But the explanation given by everybody is this induce more head movements. I just don't understand how a small stripe size lead to more head movements.

Let's say we have a RAID 6 setup with 4 local SAS drives.

case 1: we write 1 Gb of sequential data
The program ask the kernel to write the data, then the kernel divide it to match the stripe size and compute each chunk (data and/or parity) to be written to each disk.
The kernel is able to write to the 4 disks at the same time (with the proper disk controler).
If the written data is not fully aligned with the stripes, the kernel has only to read the first and last stripes before computing the resulting data. All other stripes will only be overwritten without any care for previous data.
Because this computing is done much faster than disks throughput, each chunk is just written next to the previous one on each disk without pause. So this is basically a sequential write on 4 disks.
How a small stripe size could slow down this ?
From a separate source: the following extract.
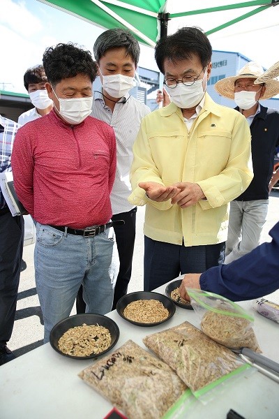 | ▲ 이승옥 강진군수가 18일 쌀귀리 수매현장을 방문해 쌀귀리 품질을 확인하기 위해 채취한 샘플의 상태를 확인하고 있다. / 사진=강진군 제공 |

case 2: we write 1,000,000 x 1 kb of data at random places
1 kb is smaller than the stripe size (common stripe size is currently 512 kb)
The program asks the kernel to write some data, then some other data, and again some other, etc. For each write, the kernel has to read the current data on disk, compute the new content, and write it back to the disk. Then the heads move elsewhere and the operation is repeated 999,999 more times.
The smaller the stripe size, the faster the data is read/computed/written. Ideally a stripe size of 4 kb should be the best with modern disks (if correctly aligned).

So once again, how a small stripe size could slow down this ?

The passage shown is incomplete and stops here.